» **Exercise brief**: Reproduce every line of the data, exactly and without its pictures.

» **Information provided**:

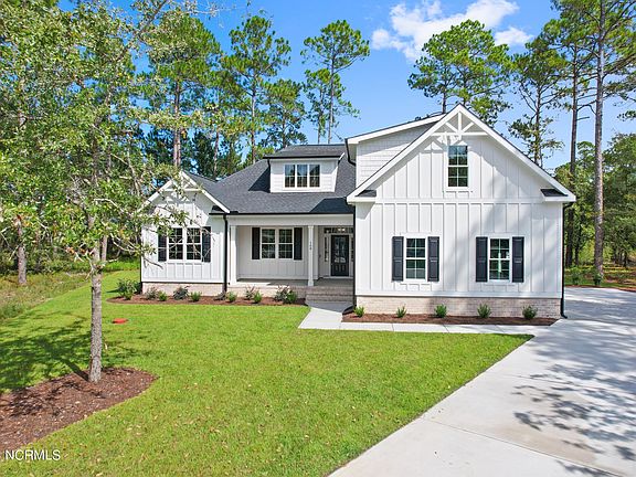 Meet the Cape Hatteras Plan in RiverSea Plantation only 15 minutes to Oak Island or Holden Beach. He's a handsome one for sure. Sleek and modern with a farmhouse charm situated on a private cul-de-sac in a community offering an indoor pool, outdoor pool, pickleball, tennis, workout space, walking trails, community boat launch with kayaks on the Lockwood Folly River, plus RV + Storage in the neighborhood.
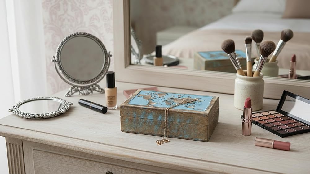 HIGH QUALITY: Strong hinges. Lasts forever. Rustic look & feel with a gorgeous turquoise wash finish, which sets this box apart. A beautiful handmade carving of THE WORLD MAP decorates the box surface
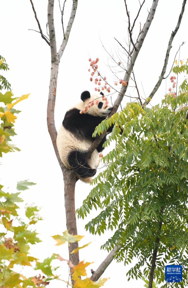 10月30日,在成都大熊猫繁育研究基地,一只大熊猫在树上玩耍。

» **Response for this exercise**:
 Meet the Cape Hatteras Plan in RiverSea Plantation only 15 minutes to Oak Island or Holden Beach. He's a handsome one for sure. Sleek and modern with a farmhouse charm situated on a private cul-de-sac in a community offering an indoor pool, outdoor pool, pickleball, tennis, workout space, walking trails, community boat launch with kayaks on the Lockwood Folly River, plus RV + Storage in the neighborhood.
 HIGH QUALITY: Strong hinges. Lasts forever. Rustic look & feel with a gorgeous turquoise wash finish, which sets this box apart. A beautiful handmade carving of THE WORLD MAP decorates the box surface
 10月30日,在成都大熊猫繁育研究基地,一只大熊猫在树上玩耍。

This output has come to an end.